Hochgebirge am Mittelmeer
Nach der zahlreichen Veröffentlichungen über die piemontesischen und südfranzösischen Alpenregionen rückt nun ein weiteres, für Motorradfahrer sehr lohnenswertes Zielgebiet bei dem Autorenteam Bätzing/Kleider ins Visier: Die unmittelbare Grenzregion zu Frankreich am Mittelmeer. Dieser abgelegene Landstrich ist reich an gewundenen Straßen, typisch ligurischen Bergdörfern und damit an authentischen Eindrücken von den Hinterland-Liguriern.
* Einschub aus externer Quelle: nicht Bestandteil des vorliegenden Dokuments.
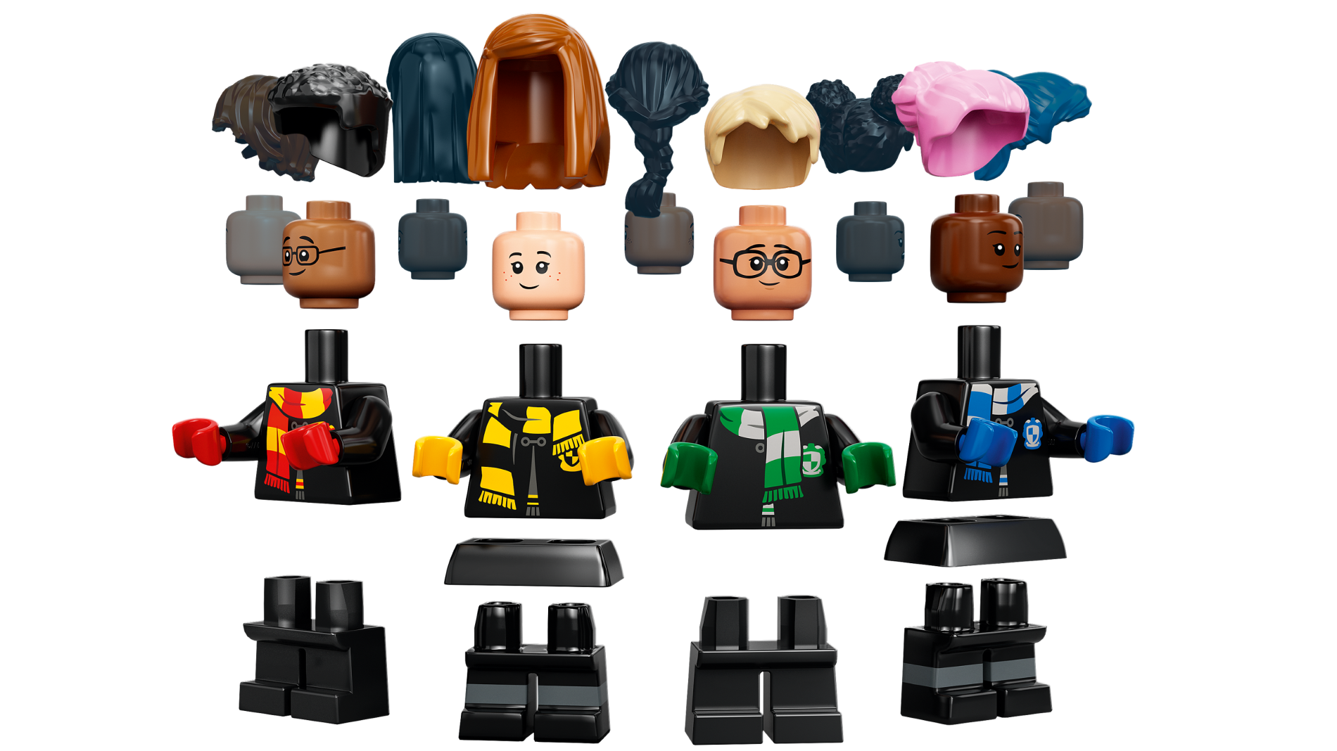 | 1 X Torso Hogwarts Robe Clasped with Ravenclaw Shield and Scarf Pattern / Black Arms / Blue Hands | Black |   |  |

Auch wenn Motorradfahren in der Naturpunktreihe des Rotpunktverlags nicht vorkommt, inspirieren die Kleider-Bätzing Bücher auch interessierte und anspruchsvolle Motorradfahrer mit Hintergrundinformationen zu den Ligurischen Alpen.
Westalpen und die Ligurische Alpen wurden vom Alpinismus relativ spät entdeckt. Anders als in Piemont, trifft man im westlichen Teil Liguriens oft auf karstiges Gestein, das bröckelig sein kann und Wasser schnell ableitet. Damit waren die Ligurischen Alpen in einer Zeit, in der es um prestigeträchtige Erstbesteigungen ging, nicht die erste Wahl.
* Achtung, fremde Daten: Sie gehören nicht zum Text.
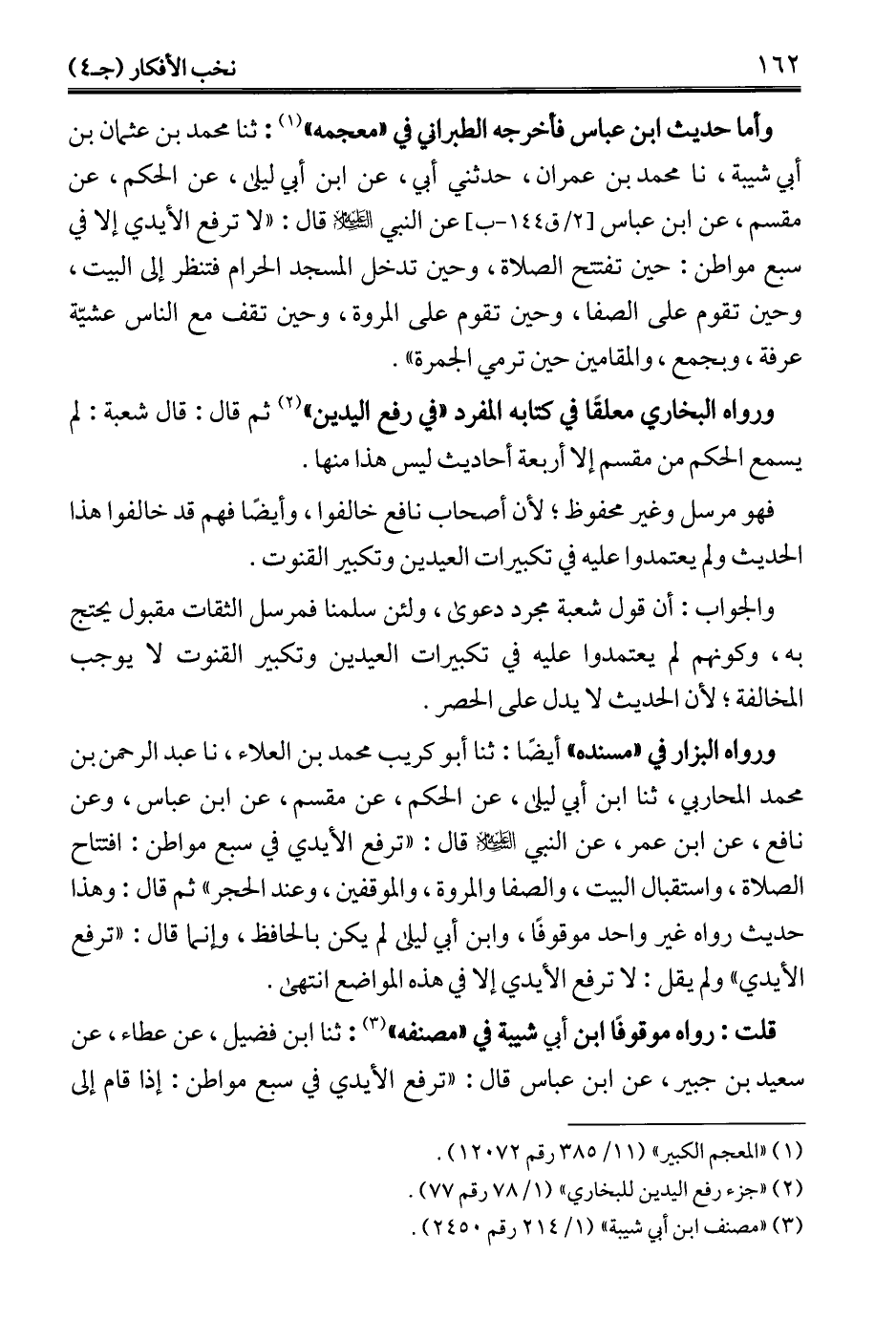 والجواب: أن قول شعبة مجرد دعوى، ولئن سلمنا فمرسل الثقات مقبول يحتج به، وكونهم لم يعتمدوا عليه في تكبيرات العيدين وتكبير القنوت لا يوجب المخالفة؛ لأن الحديث لا يدل على الحصر.

Im Zweiten Weltkrieg wurde in den Ligurischen Alpen Geschichte geschrieben, denn die Resistenza machte der Deutschen Wehrmacht mehr Probleme, als die aus Süditalien anrückenden Alliierten. Aber auch in vorangegangenen kriegerischen Auseinandersetzungen waren die Ligurischen Alpen stets Bestandteil wichtiger Grenzbefestigungen. Im Buch erfährt man auch Neuigkeiten über die Ligurische Grenzkammhöhenstraße (LGKS), die den Autoren nach seit 2009 gesperrt sein soll, was zumindest zu ‚weniger Verkehr‘ dort oben führt. Das hat zwar formal und temporär seine Richtigkeit, ist aber auch ein wenig Wunschdenken der Autoren. Wer genaueres wissen möchte, schaut in den Kommentaren von Alpenrouten.de nach.
Eine gute Recherche haben Werner Bätzing und Michael Kleider hingegen zur Geschichte des Ligurischen Grenzkamms gemacht: Dort hat man herausgefunden, dass der Teil der LGKS vom Balcone di Marta entlang des Monte Saccarello‘s (Pässe: Collardente, Guardia, Garezzo) bis nach Nava (41 km) Anfang der 1930er Jahre von Militärs angelegt wurde. Der nördliche Teil der LGKS hörte streckenweise auf den Namen ‚Via Marenca‘ und geht auf eine erste urkundliche Erwähnung von 1207 zurück. Diese Route führte von Limone di Piemonte hinauf zum Tenda Pass und über den Boaria zum Colle dei Signori und zweigte von dort nach Monesi und weiter zum Mittelmeer ab. Gleichzeitig war diese Straße auch als Salzstraße und Handelsweg bekannt. Das erklärt auch, warum viele Einheimischen von einer Via del Sale sprechen, wenn man Sie nach der ‚Strada ex militare Colle di Tenda‘ fragt. Orts- und Bergnamen geben ebenfalls Hinweise auf die salzige Geschichte der Saumpfade.
Alles in allem erfährt man eine Menge Hintergrundwissen über den Gebirgszug und die Kultur seiner Anwohner, ein Wissen, das man bei Exkursionen zu Fuß und auf zwei Rädern gut gebrauchen kann.
Bei der Vielzahl der Veröffentlichungen des Autorenteams bleibt anzumerken, das es in manchen Buchteilen zu Überschneidungen kommt (etwa bei ‚Praktische Hinweise für den Wanderer‘). Der Schreibstil mit vielen Schachtelsätzen und manchmal wissenschaftlichen Ansprüchen ist nicht immer so zu lesen, wie ein gut geschriebener Roman, dafür aber sehr informativ. Die Fotos im Buch sind ebenfalls gut aber eben nicht immer professionell, was dem Buch jedoch keinen Abbruch tut. In jedem Fall macht es Lust auf das Naturerlebnis Ligurien, dem mediterranen Hochgebirge am Mittelmeer.